I’m caught in the pincers of some kind of weird metaphorical tweezer.  I cannot stand the thought of trying to change my situation; the idea of moving, of trying to change jobs, of trying to find something, is literally horrifying–imagine needing to wade through a swimming pool filled with roaches and centipedes and maggots and other larvae, above which soars a nearly-opaque cloud of mosquitoes, all female.

But staying where I am, doing what I’m doing, is just as horrifying, and now there are a bunch of new stressors, not the least of which is my fresh, new pain problem, which hopefully will be temporary, though it isn’t gone yet.  I guess a week is a relatively short time, and maybe I’m expecting too much, but it’s a fucking huge level of discomfort, and I don’t have the mental resources to deal with it, not on top of everything else.  Why I am I continuing to endure my already-existing chronic pain, my anxiety, my depression, all the other things associated with my hitherto undiagnosed ASD, and then now dealing with newly discovered problems?

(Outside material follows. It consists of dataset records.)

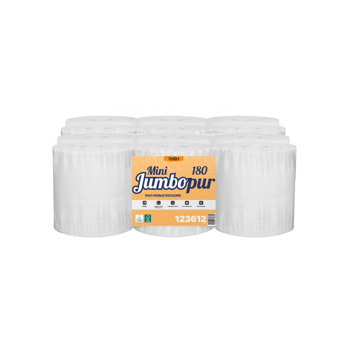 Le papier mini Jumbopur blanc est un produit haut de gamme fabriqué en pure ouate blanche double épaisseur pour vous offrir une meilleure absorption.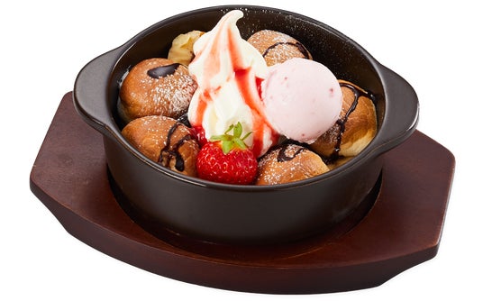 店内で揚げたてのドーナツは外はカリっと、中はふわっと。苺アイスを添えて、あつひやスイーツをお楽しみください。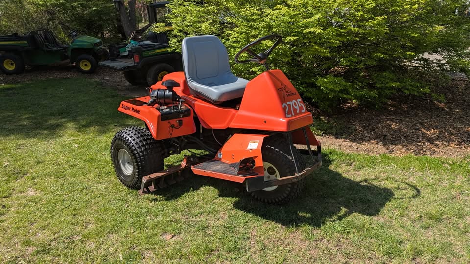 Used Smithco Super Rake with 2 Cylinder Vanguard Engine. In Good Running Condition. Comes as Pictured.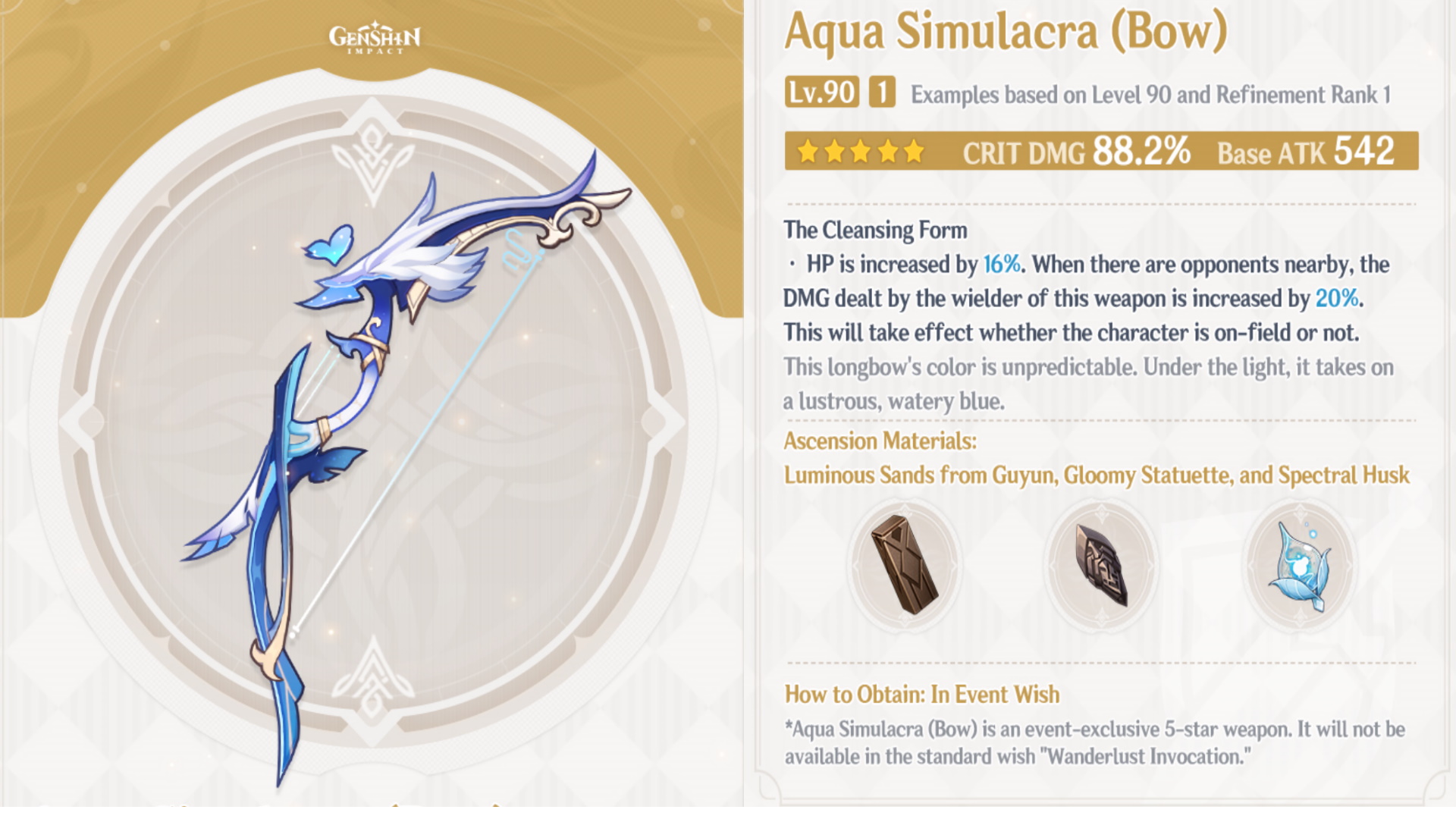 Aqua Simulacra (crit damage) – This 5-star bow is the best weapon for Yelan, as it is featured alongside her wish banner. It automatically increases her HP by +16%. Likewise, her damage is increased by 20% as long as there are enemies nearby. This effect will remain active even if she’s not on the field. Because Yelan’s playstyle requires her to be an off-field/sub-DPS, this will benefit the DPS from her Depth-Clarion Dice burst/Exquisite Throw dice turret.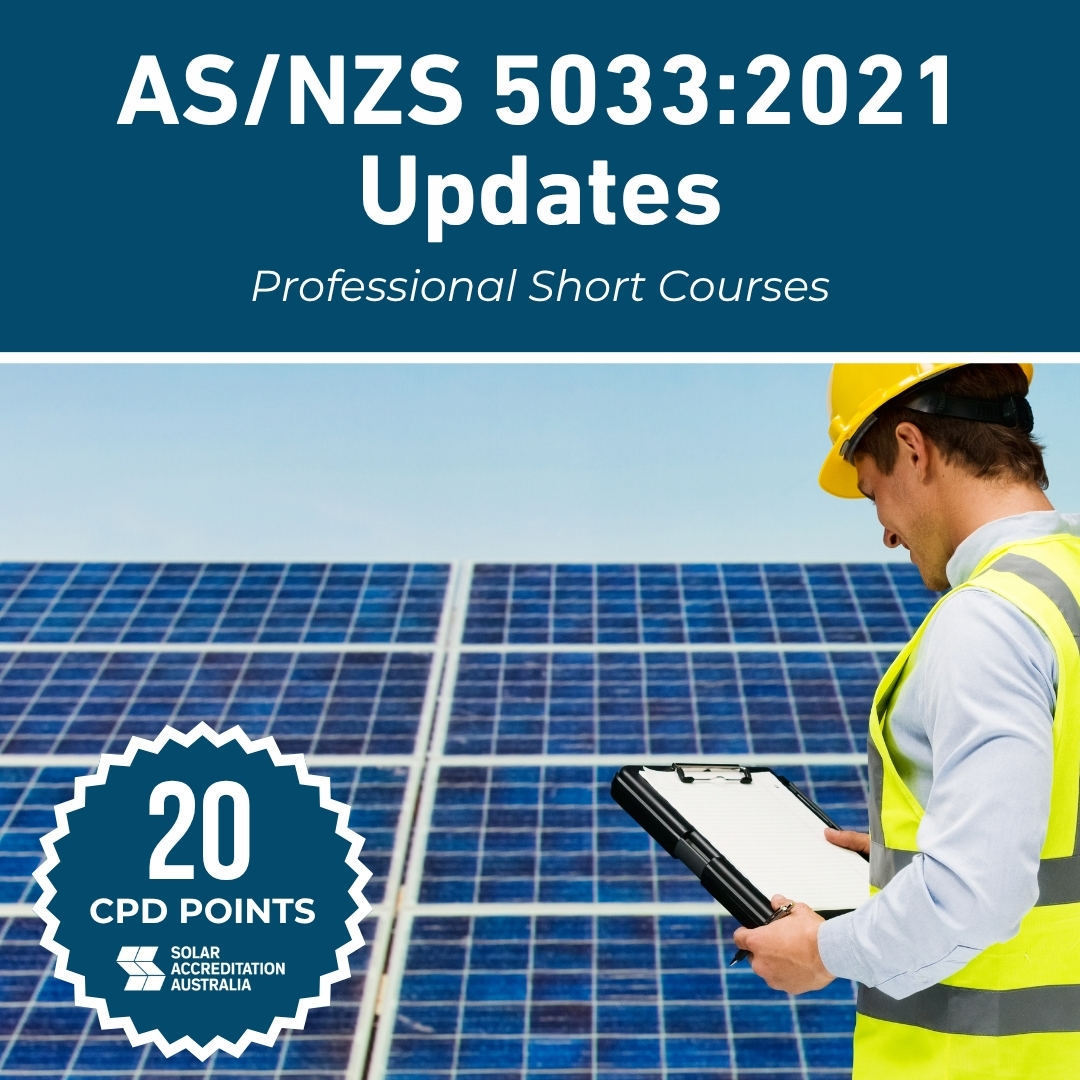 The AS/NZS 5033:2021 is an online video-based course that provides an overview of the key AS/NZS5033:2021 changes to safety and PV system regulations. It also guides you through calculation, signage and documentation changes which could impact your system. The course is particularly relevant for designers and installers in which compliance is mandatory given state regulators approval of the new regulations.

I’m overwhelmed.  I cannot summon the will to make a change, or even the conviction that I ought to do so, because I cannot really think straight.  I cannot imagine what to do.  I don’t know that there is any way at all to escape, except by dying.  And I am always afraid.

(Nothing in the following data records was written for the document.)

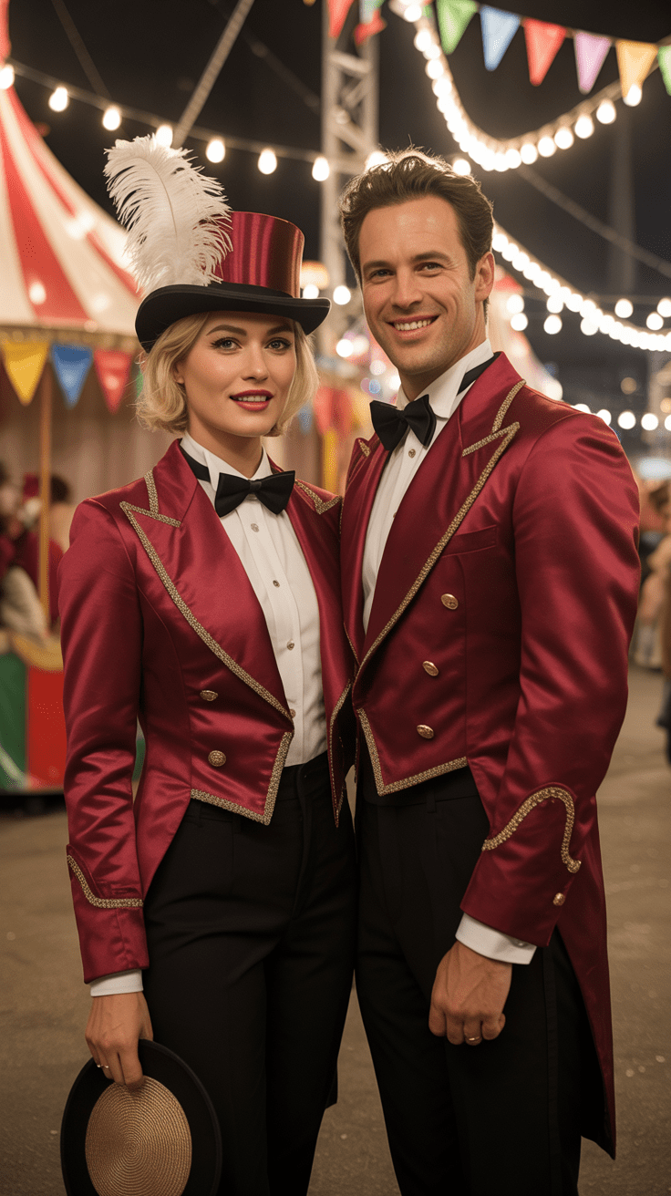 Dieses Partnerkostüm greift das Zirkus Thema auf, ohne verspielt zu wirken. Ihr setzt auf Rollen, Farben und Accessoires statt auf Clownskostüme. Das Ergebnis ist stilvoll und erwachsen.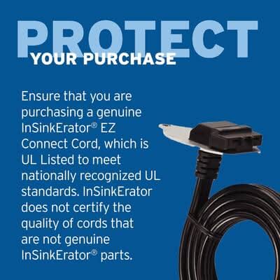 The INSINKERATOR EZ Connect Cord offers a fast, easy, and convenient way to connect a power cord to EZ Connect INSINKERATOR garbage disposals so they quickly can be plugged into wall outlets under the kitchen sink. Compatible with INSINKERATOR EZ Connect Power and Advanced Series continuous feed garbage disposer models, the UL-Listed EZ Connect Cord inserts directly into the bottom of the sink disposal in a few simple steps, eliminating the need to connect wires when attaching the power cord to the disposer. Once installed, the sink garbage disposal power cord plugs into a standard wall outlet. The EZ Connect Cord is one of the many ways that INSINKERATOR helps to make installing your garbage disposal easy. Your kitchen is the heart of your home, where you gather with family and other loved ones. The perfect complement to every kitchen since 1938, INSINKERATOR has been making products that aren't just better for your family, they're better for your world. Simple solutions from INSINKERATOR. KITCHEN BETTER. • Color: Black • Size: 3 Ft.
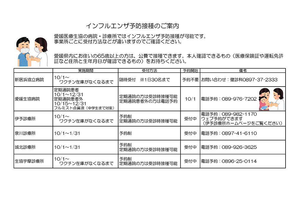 News & Topics Top News & Topics 2025.10.01 健康づくり・まちづくり インフルエンザ予防接種のご案内 愛媛医療生協の病院・診療所ではインフルエンザ予防接種が可能です。 事業所ごとに受付方法などが違いますのでご確認ください。 < 前の記事へ 一覧へ戻る > 次の記事へ > 活動に参加するには 皆で楽しく、健康・医療・くらしについて考え、語り、活動しましょう! 詳細はこちら 詳細へ 加入するには 詳細はこちら 詳細へ

You might think that after having pain every day for decades and having lost basically everything that ever mattered to you and for which you had worked so hard for so long you wouldn’t have any need to be afraid anymore.  What do you have to lose, after all?  But fear is not a rational thing, it’s not the conclusion of a thought process, it’s an emotion, one in which nature has invested heavily, and having pain after pain for a long time, of various kinds, can cause a “learned-helplessness” reaction related to depression, but even then, fear doesn’t go away.  One is always afraid of yet more pain.  One is afraid of facing another day with the same old pain.  One is a afraid that one is going to live a long, long life and never for one day of the rest of it not be in significant pain.  One is afraid that one will also be alone for the rest of that long life, with no comfort and little joy.

I don’t know what’s going on.  I mean, I’m writing this post, of course, that’s going on.  But I don’t know what else.  I’m falling apart, I think.  I’m breaking down.  Like I said yesterday, I can practically smell the melting plastic and circuitry in my mind.

Whatever.  Nothing I do or say matters, nothing I am matters.  I don’t know what I expect to happen because I’ve written about this.  I feel a bit like Frodo crying out for his friends in “Fog on the Barrow Downs” after they’ve been separated, but the only answer I will probably get will be from some foul undead spirits.  There’s no Tom Bombadil out there to come rescue me.  I wish there were.  And I could really use Elrond’s healing power, or even Aragorn’s.

That’s enough.  Go on, go read something else.  No one wants to feel miserable, and that’s how I tend to make people feel, so you should probably find something comical or at least entertaining to explore, and just try to have a good weekend.


*Honestly, no pun intended.  I didn’t even notice it until the editing process.